METAL-BINDING IN SUPERANTIGENS. E.M. Schad¹, M.Dohlsten², Per Björk², L.A. Svensson¹. Molecular Biophysics, Chemical Center, Lund University, P.O. Box 124, 221 00 Lund, Sweden¹, Pharmacia Oncology Immunology, Lund, Sweden².

One of the most striking aspects of the structure of SEA is the unusual octahedral metal-coordination geometry. In addition, SEA displays a N-terminal coordination to the metal-ion (Schad et al., 1995). The coordinating residues of Zn²⁺ are the same ligands as those found for Cd²⁺ including the N-terminal coordination. The unusual ligand coordination by the N-terminal serine residue observed is comparable to the coordination found in the structure of phospholipase C (Hough et al., 1989; Hansen et al., 1992). In SEA, the metal-ion is coordinated by a primary bidentate formed by ligands His 225 and Asp 227. These two ligands are separated by a short spacer that according to Vaillee & Auld (1990) provides localized and overall stabilization to the protein. A longer spacer provided by His 187 donates flexibility to the coordination site. It should be noted that zinc binding proteins commonly have a tetrahedral geometry with this short spacer-long spacer ligand composition (Vallee & Auld, 1990).
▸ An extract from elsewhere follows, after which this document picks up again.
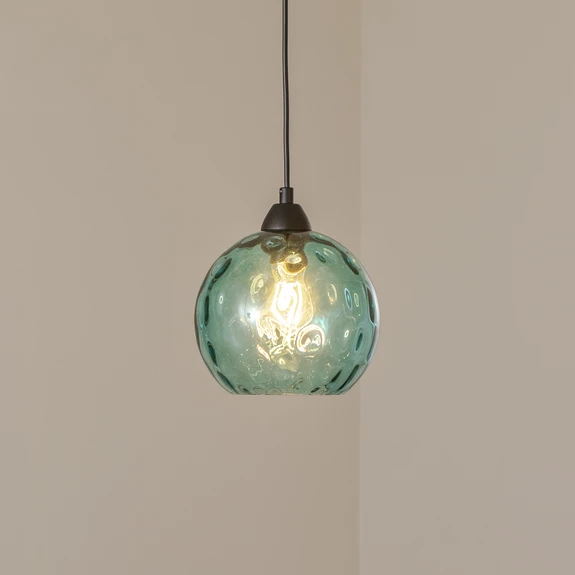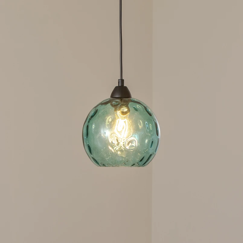 La suspension Benek combine des matériaux élégants tels que le verre et le métal pour créer une ambiance harmonieuse et moderne. Fabriquée en Europe, cette lampe séduit par son abat-jour en verre teinté, presque sphérique, à la structure ondulée et à la finition haut de gamme. Elle est idéale pour différents espaces de vie tels que la salle à manger, le salon, la cuisine et la chambre à coucher, et apporte de la couleur à la pièce.
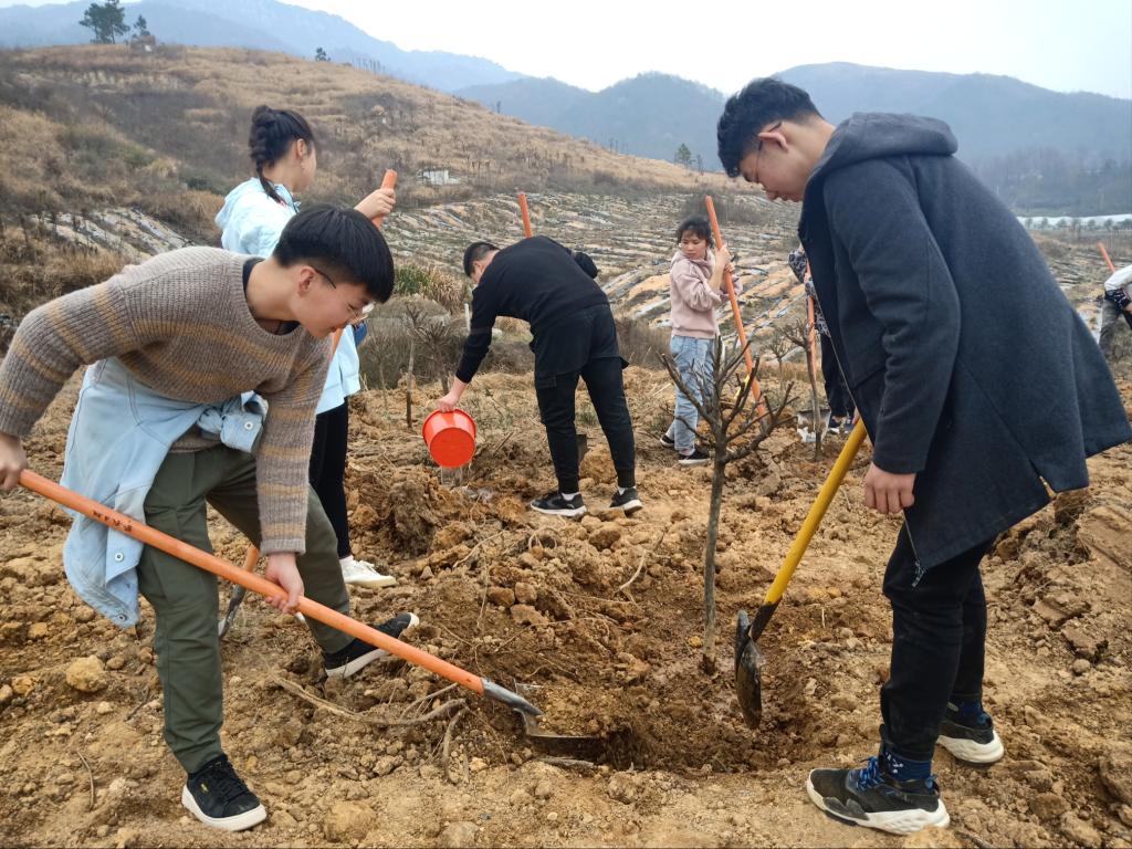 抵达目的地后,该景区专业人士向志愿者们介绍了树的品种并对植树操作进行了演示。“你们种的这个树叫梅树,它拥有顽强的生命力,无论经历多少次砍伐,都会不断地钻出嫩芽、抽出枝条,希望你们能够学习到梅树这样坚毅的精神,去解决生活中的种种困难。”大家学会植树要领后,纷纷摩拳擦掌、跃跃欲试。只见志愿者们配合默契,操作娴熟,很快的投入了植树活动,一些男生前往池塘搬运水资源,其余同学挥锹铲土、扶树浇水,每个人都忙得不亦乐乎。在大家的共同努力,小树苗们直挺地站在了大龙山脚下的土地上,为周围的环境添加了一丝生机,志愿者们纷纷露出了欣慰的笑容。

Alanine substitution of His 225 and Asp 227 resulted in a more than 1000-fold reduced MHC class II binding affinity, whereas the His 187 mutation displayed only a 100-fold reduced binding affinity (Abrahmsen et al., 1995). This suggests that modification of the short spacer bidentate formed by His 225 and Asp 227 severely affects the MHC class II binding to domain II. In contrast, mutations of the longer spacer His 187 have less of an effect on the other metal ligands in retaining significant MHC class II binding in this region. This is further supported by the varying temperature factors observed in the metal coordination site mentioned previously.